=== STORED DATA ===
|---|

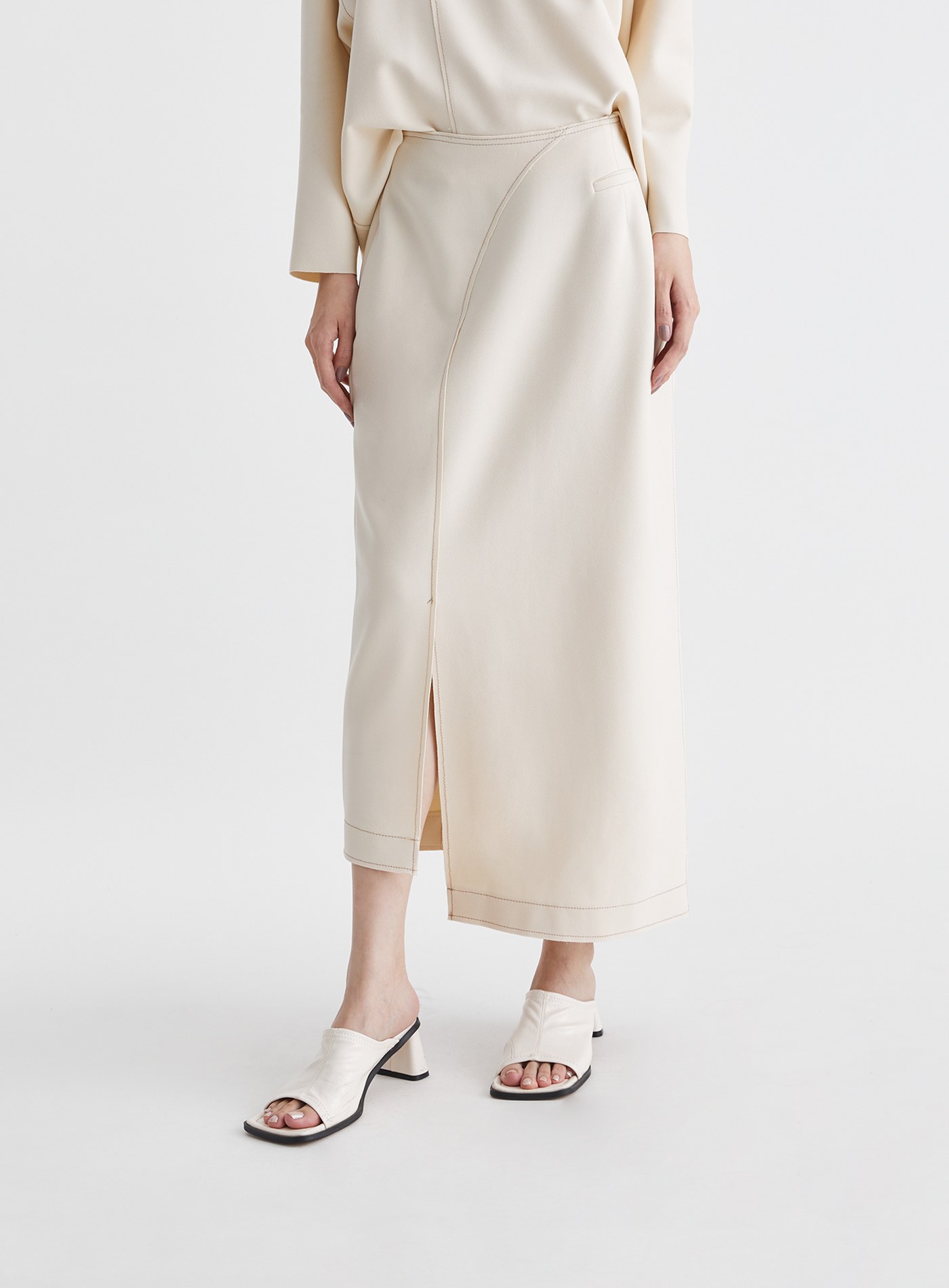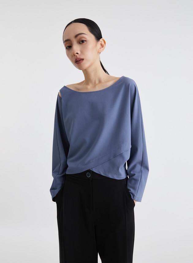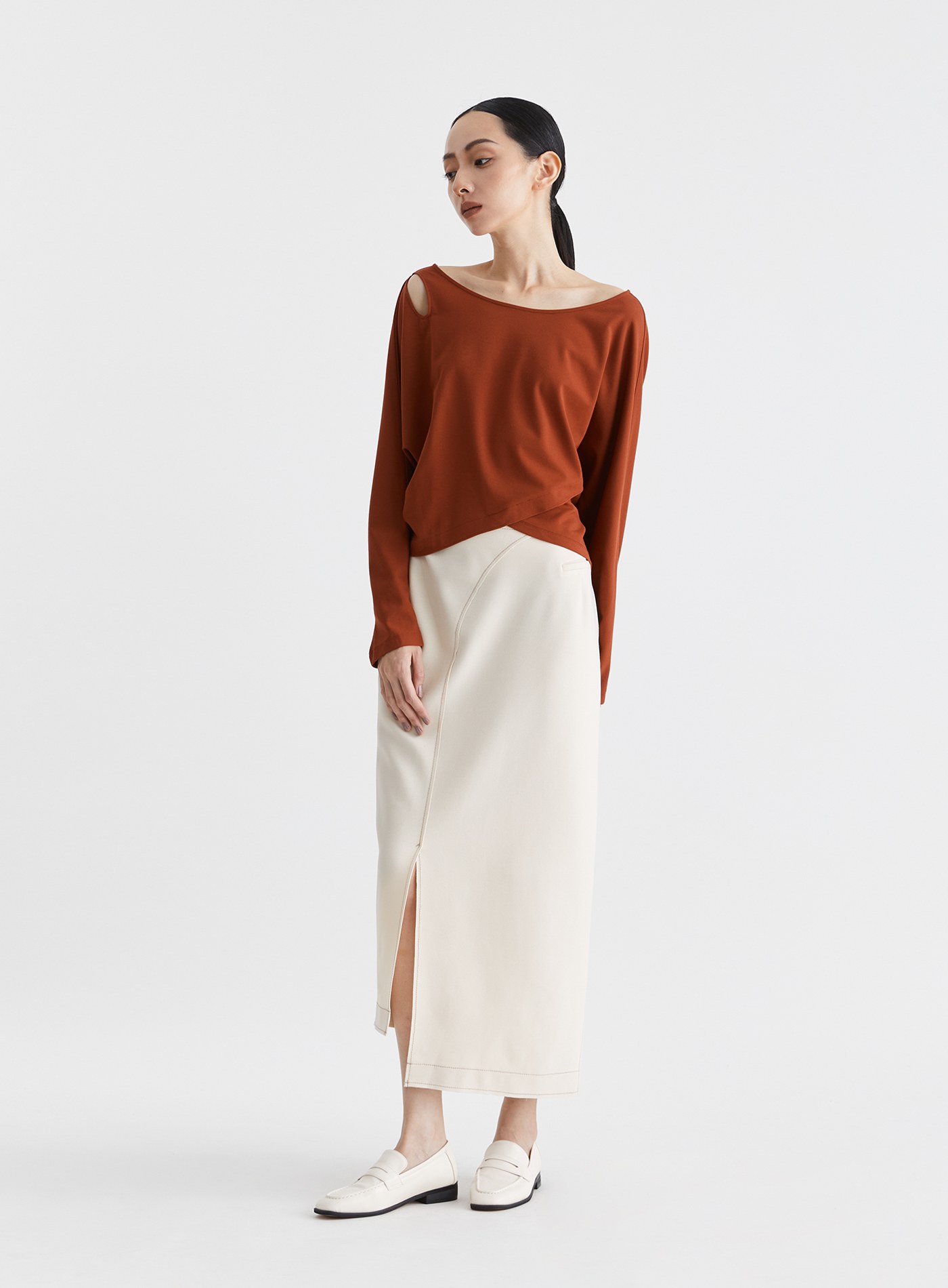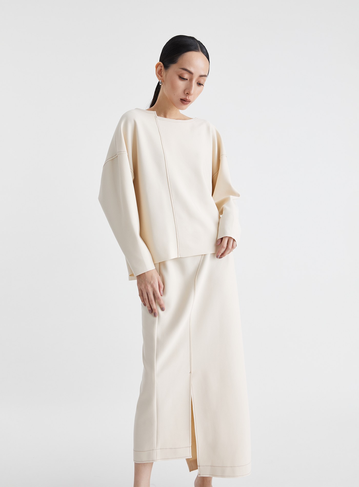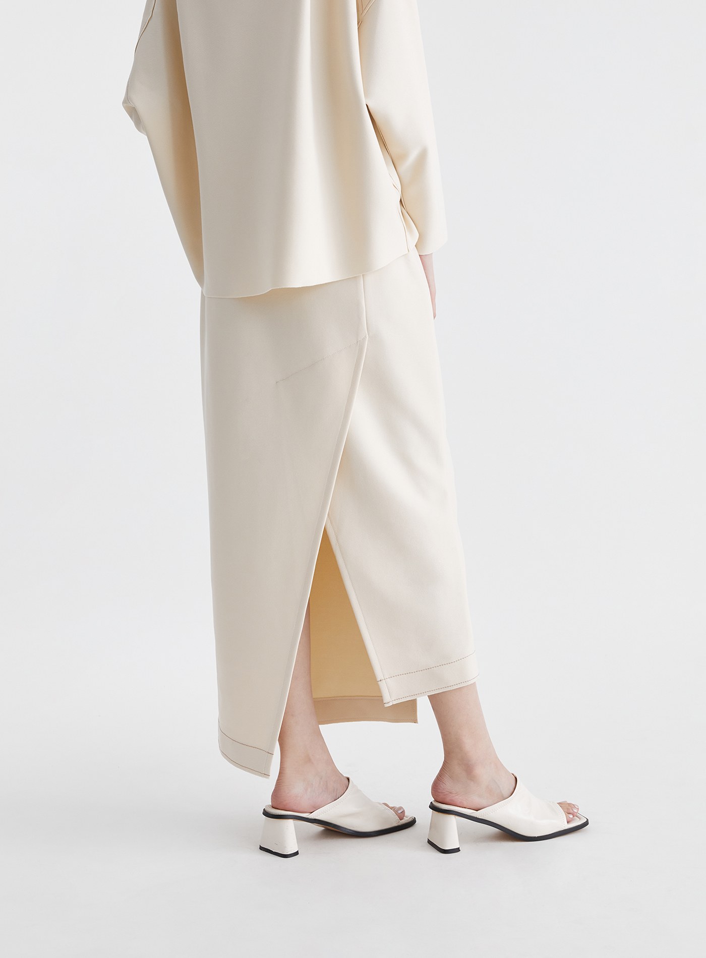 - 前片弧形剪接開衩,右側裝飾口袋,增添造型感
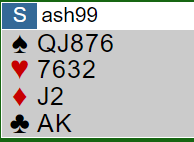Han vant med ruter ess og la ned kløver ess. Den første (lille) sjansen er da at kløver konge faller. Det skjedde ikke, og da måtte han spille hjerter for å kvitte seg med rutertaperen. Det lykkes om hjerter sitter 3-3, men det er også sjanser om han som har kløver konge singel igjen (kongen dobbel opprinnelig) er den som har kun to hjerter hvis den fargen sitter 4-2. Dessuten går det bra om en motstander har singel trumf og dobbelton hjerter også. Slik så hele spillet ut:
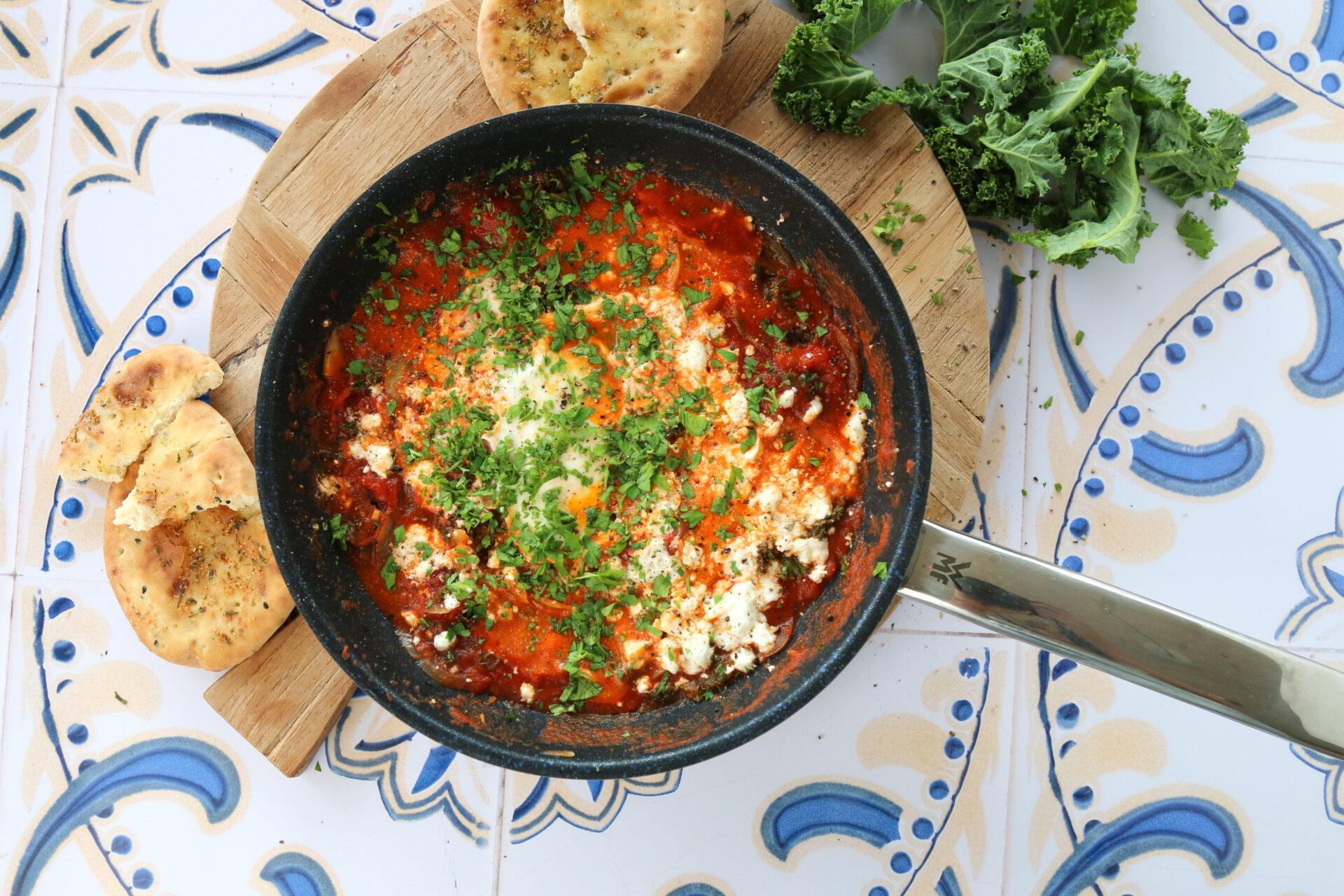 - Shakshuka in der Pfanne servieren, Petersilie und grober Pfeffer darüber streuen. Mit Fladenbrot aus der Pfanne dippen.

|---|

=== TASK STATEMENT ===
Could you repeat the data exactly, omitting its pictures?

=== ANSWER SECTION ===
 - 前片弧形剪接開衩,右側裝飾口袋,增添造型感
Han vant med ruter ess og la ned kløver ess. Den første (lille) sjansen er da at kløver konge faller. Det skjedde ikke, og da måtte han spille hjerter for å kvitte seg med rutertaperen. Det lykkes om hjerter sitter 3-3, men det er også sjanser om han som har kløver konge singel igjen (kongen dobbel opprinnelig) er den som har kun to hjerter hvis den fargen sitter 4-2. Dessuten går det bra om en motstander har singel trumf og dobbelton hjerter også. Slik så hele spillet ut:
 - Shakshuka in der Pfanne servieren, Petersilie und grober Pfeffer darüber streuen. Mit Fladenbrot aus der Pfanne dippen.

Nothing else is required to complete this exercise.